WILDE SALOME
Un Pacino mineur sur les destins d'Oscar Wilde et sa pièce « Salomé »
Présenté hors compétition au Festival de Venise 2011, à l'occasion de la remise du Glory to the filmmaker award à Al Pacino, « Wilde Salome » (ou Wild(e) Salomé – sauvage Salomé, comme le suggère le générique de début) est un nouveau documentaire-fiction. Quinze ans après « Looking for Richard », présenté alors à Cannes dans la section Un certain regard, film qui s'intéressait au montage de la pièce Richard III de Shakespeare, l'acteur réalisateur se met une nouvelle fois en scène, mélangeant des moments des répétitions de la pièce, des extraits de quelques scènes d'une version filmée, tournées simultanément avec les mêmes interprètes, et construisant un parallèle avec la vie de son auteur, Oscar Wilde, visites de lieux ayant marqué sa vie, entretiens et archives à l'appui.
Pour mieux comprendre le dessein d'Al Pacino, il faut d'abord avoir une idée de la pièce elle-même. « Salomé » est une tragédie signée Oscar Wilde, écrite initialement en français (1891), puis traduite en anglais trois ans plus tard (Wilde s'étant en effet à l'époque retiré à Paris). L'histoire s'inspire d'un épisode biblique où Salomé, belle-fille du tétrarque de Galilée Hérode Antipas, qui demande qu'on lui apporte la tête de Iokanaan (Jean le Baptiste) sur un plateau comme récompense après avoir effectué la danse des sept voiles. Sarah Bernhardt devait interpréter la pièce, au Palace Theatre de Londres, où n'eurent lieu que des répétitions, puisque Lord Chamberlain la censura au motif qu'il était « illégal de représenter sur scène des personnages bibliques » (l'interdiction ne fut levée que quelques quarante ans après).
Wilde, homosexuel entretenait alors une relation avec Lord Alfred Douglas, qui est sensé avoir assuré la traduction anglaise de l'ouvrage. Il en est en tous cas crédité, même si les historiens pensent que Wilde, mécontent, l'aurait finalement reprise.
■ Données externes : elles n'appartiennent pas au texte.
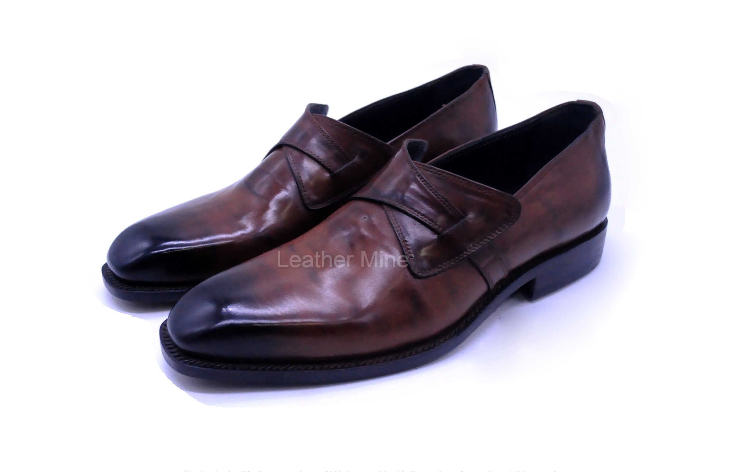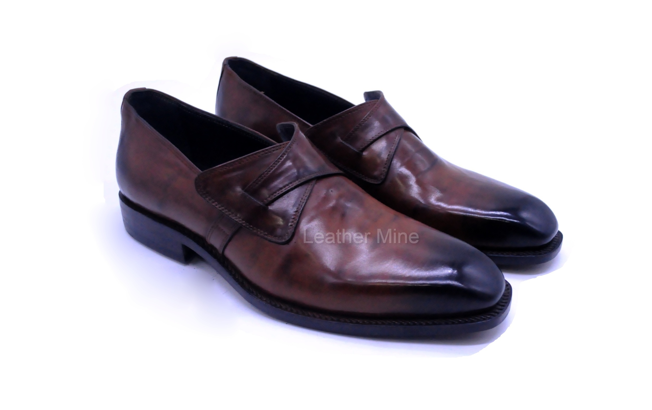 Men's Handmade Brown Patina Loafers Leather Dress Shoes For Men
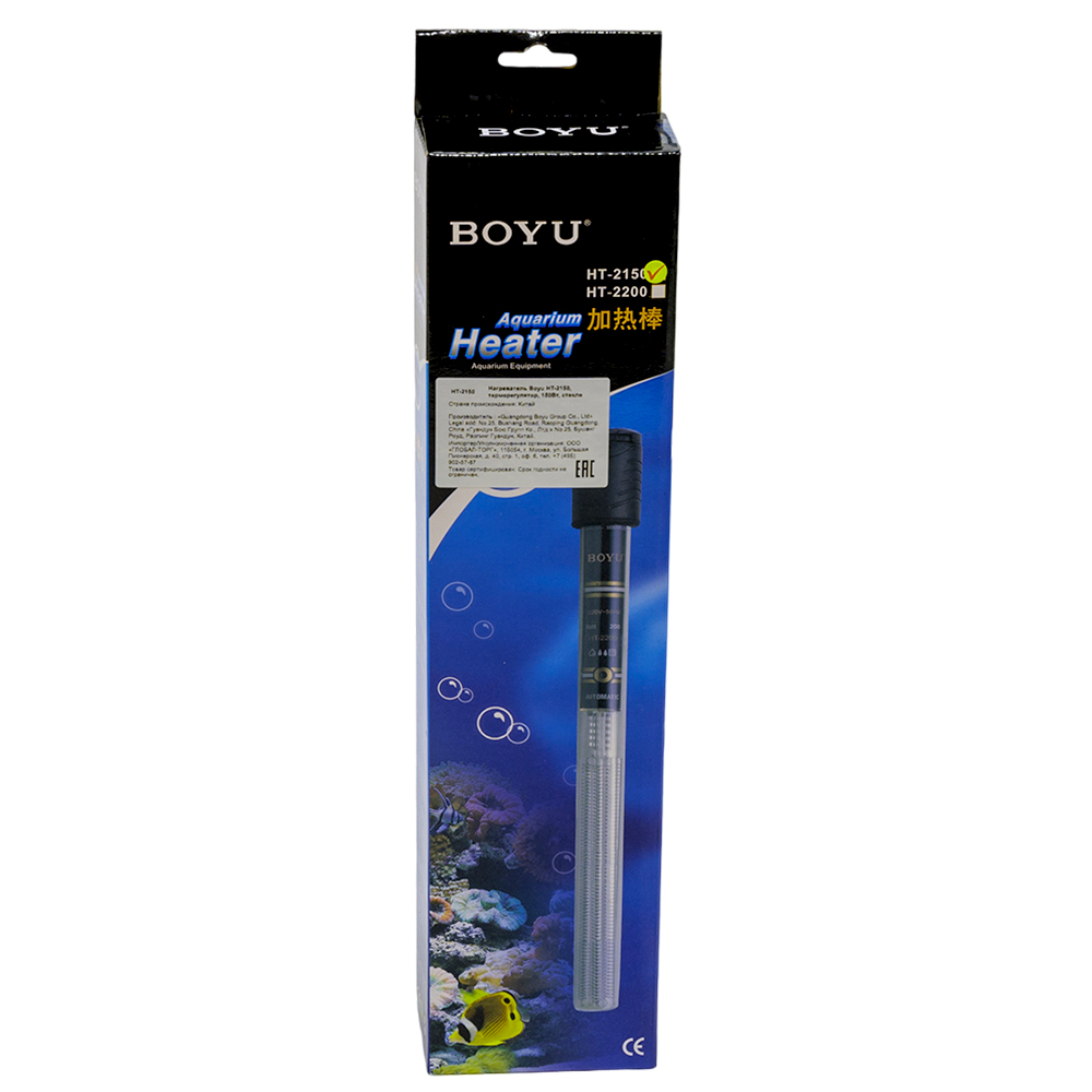 Нагреватель для аквариума Boyu HT-2150 – профессиональное решение для содержания аквариумных рыб и черепах. Стеклянный нагреватель с терморегулятором идеально подходит для аквариумов объемом 130-190 литров, обеспечивая стабильную температуру воды.

Ce fut aussi à cette époque que débuta le procès de Wilde, lancé par le marquis de Queensberry, père d'Alfred Douglas. À son issue, le 25 mai 1895, Wilde fut condamné à deux ans de travaux forcés. La première de Salomé eut lieu à Paris au théâtre de l'Œuvre en 1896. La vie privée de l'artiste est donc fortement liée à l'évolution de son œuvre, et c'est ce que va tenter de démontrer Pacino dans son documentaire.
D'aspect initialement un peu désorganisé et fourre-tout, son film donne de plus en plus de place à la pièce, délaissant progressivement les apartés sur ses recherches concernant la vie d'Oscar Wilde (un voyage en Irlande sur les traces de sa famille, un résumé du procès...), pour émettre peu à peu la thèse du film. « Salomé », histoire d'une vierge tentatrice, serait une pièce qui résonne comme un avertissement, concernant les dangers de la sexualité, représentés ici par l'héroïne (Jessica Chastain – « The tree of life » - l'interprète de Salomé, à la fois pulpeuse et haineuse). Selon Pacino cette œuvre devient ainsi une œuvre prémonitoire pour Oscar Wilde, puisque c'est son homosexualité qui l'enverra aux travaux forcés. Le parallèle avec la tête coupée demandée par la belle en devient évident. Reste que « Wilde Salome » est un film inégal, dans lequel on apprend assez peu sur l'auteur, mais qui permet de remettre en perspective la pièce.